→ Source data

________________________________________

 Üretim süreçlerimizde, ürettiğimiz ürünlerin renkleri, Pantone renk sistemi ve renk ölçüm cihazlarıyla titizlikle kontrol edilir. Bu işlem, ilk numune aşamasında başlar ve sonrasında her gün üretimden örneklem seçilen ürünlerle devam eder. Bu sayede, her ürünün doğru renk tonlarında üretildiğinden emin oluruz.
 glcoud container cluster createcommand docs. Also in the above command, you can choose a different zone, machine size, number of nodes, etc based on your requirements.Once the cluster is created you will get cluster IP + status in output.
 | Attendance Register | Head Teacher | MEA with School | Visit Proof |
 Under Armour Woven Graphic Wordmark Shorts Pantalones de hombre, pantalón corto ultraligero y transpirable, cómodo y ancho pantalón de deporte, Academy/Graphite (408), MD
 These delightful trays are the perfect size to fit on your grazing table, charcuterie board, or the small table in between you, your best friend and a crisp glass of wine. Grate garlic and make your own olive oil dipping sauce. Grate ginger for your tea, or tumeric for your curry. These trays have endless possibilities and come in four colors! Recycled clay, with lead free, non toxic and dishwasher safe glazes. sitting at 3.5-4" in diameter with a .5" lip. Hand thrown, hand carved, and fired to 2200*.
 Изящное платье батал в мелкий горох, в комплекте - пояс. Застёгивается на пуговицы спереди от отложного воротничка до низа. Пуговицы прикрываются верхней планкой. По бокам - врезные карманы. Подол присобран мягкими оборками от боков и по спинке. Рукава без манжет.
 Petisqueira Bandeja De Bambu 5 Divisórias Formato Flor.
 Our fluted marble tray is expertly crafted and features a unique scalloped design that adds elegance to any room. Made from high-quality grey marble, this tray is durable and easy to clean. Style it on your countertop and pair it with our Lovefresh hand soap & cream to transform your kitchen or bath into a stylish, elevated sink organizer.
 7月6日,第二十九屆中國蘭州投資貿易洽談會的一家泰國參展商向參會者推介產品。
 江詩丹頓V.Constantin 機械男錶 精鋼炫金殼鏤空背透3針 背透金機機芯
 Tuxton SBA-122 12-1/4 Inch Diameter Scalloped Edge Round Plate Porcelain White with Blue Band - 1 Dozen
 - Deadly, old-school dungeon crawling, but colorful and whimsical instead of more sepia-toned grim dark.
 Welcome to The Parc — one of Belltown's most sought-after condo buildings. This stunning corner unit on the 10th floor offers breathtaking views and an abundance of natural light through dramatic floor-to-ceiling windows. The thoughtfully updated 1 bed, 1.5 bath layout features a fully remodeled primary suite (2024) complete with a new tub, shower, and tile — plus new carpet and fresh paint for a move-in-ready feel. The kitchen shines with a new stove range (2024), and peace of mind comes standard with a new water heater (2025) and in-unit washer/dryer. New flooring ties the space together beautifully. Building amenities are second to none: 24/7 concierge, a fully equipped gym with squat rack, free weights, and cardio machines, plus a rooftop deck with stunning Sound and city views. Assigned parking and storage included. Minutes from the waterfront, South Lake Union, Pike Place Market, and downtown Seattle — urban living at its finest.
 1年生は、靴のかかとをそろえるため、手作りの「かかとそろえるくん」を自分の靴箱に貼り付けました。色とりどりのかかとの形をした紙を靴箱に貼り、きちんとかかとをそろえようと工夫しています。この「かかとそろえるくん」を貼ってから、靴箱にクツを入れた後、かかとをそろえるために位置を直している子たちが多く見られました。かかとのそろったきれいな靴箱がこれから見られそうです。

________________________________________

→ PROBLEM DESCRIPTION
Line by line, output the data precisely as shown above.

→ FINISHED EXERCISE
 Üretim süreçlerimizde, ürettiğimiz ürünlerin renkleri, Pantone renk sistemi ve renk ölçüm cihazlarıyla titizlikle kontrol edilir. Bu işlem, ilk numune aşamasında başlar ve sonrasında her gün üretimden örneklem seçilen ürünlerle devam eder. Bu sayede, her ürünün doğru renk tonlarında üretildiğinden emin oluruz.
 glcoud container cluster createcommand docs. Also in the above command, you can choose a different zone, machine size, number of nodes, etc based on your requirements.Once the cluster is created you will get cluster IP + status in output.
 | Attendance Register | Head Teacher | MEA with School | Visit Proof |
 Under Armour Woven Graphic Wordmark Shorts Pantalones de hombre, pantalón corto ultraligero y transpirable, cómodo y ancho pantalón de deporte, Academy/Graphite (408), MD
 These delightful trays are the perfect size to fit on your grazing table, charcuterie board, or the small table in between you, your best friend and a crisp glass of wine. Grate garlic and make your own olive oil dipping sauce. Grate ginger for your tea, or tumeric for your curry. These trays have endless possibilities and come in four colors! Recycled clay, with lead free, non toxic and dishwasher safe glazes. sitting at 3.5-4" in diameter with a .5" lip. Hand thrown, hand carved, and fired to 2200*.
 Изящное платье батал в мелкий горох, в комплекте - пояс. Застёгивается на пуговицы спереди от отложного воротничка до низа. Пуговицы прикрываются верхней планкой. По бокам - врезные карманы. Подол присобран мягкими оборками от боков и по спинке. Рукава без манжет.
 Petisqueira Bandeja De Bambu 5 Divisórias Formato Flor.
 Our fluted marble tray is expertly crafted and features a unique scalloped design that adds elegance to any room. Made from high-quality grey marble, this tray is durable and easy to clean. Style it on your countertop and pair it with our Lovefresh hand soap & cream to transform your kitchen or bath into a stylish, elevated sink organizer.
 7月6日,第二十九屆中國蘭州投資貿易洽談會的一家泰國參展商向參會者推介產品。
 江詩丹頓V.Constantin 機械男錶 精鋼炫金殼鏤空背透3針 背透金機機芯
 Tuxton SBA-122 12-1/4 Inch Diameter Scalloped Edge Round Plate Porcelain White with Blue Band - 1 Dozen
 - Deadly, old-school dungeon crawling, but colorful and whimsical instead of more sepia-toned grim dark.
 Welcome to The Parc — one of Belltown's most sought-after condo buildings. This stunning corner unit on the 10th floor offers breathtaking views and an abundance of natural light through dramatic floor-to-ceiling windows. The thoughtfully updated 1 bed, 1.5 bath layout features a fully remodeled primary suite (2024) complete with a new tub, shower, and tile — plus new carpet and fresh paint for a move-in-ready feel. The kitchen shines with a new stove range (2024), and peace of mind comes standard with a new water heater (2025) and in-unit washer/dryer. New flooring ties the space together beautifully. Building amenities are second to none: 24/7 concierge, a fully equipped gym with squat rack, free weights, and cardio machines, plus a rooftop deck with stunning Sound and city views. Assigned parking and storage included. Minutes from the waterfront, South Lake Union, Pike Place Market, and downtown Seattle — urban living at its finest.
 1年生は、靴のかかとをそろえるため、手作りの「かかとそろえるくん」を自分の靴箱に貼り付けました。色とりどりのかかとの形をした紙を靴箱に貼り、きちんとかかとをそろえようと工夫しています。この「かかとそろえるくん」を貼ってから、靴箱にクツを入れた後、かかとをそろえるために位置を直している子たちが多く見られました。かかとのそろったきれいな靴箱がこれから見られそうです。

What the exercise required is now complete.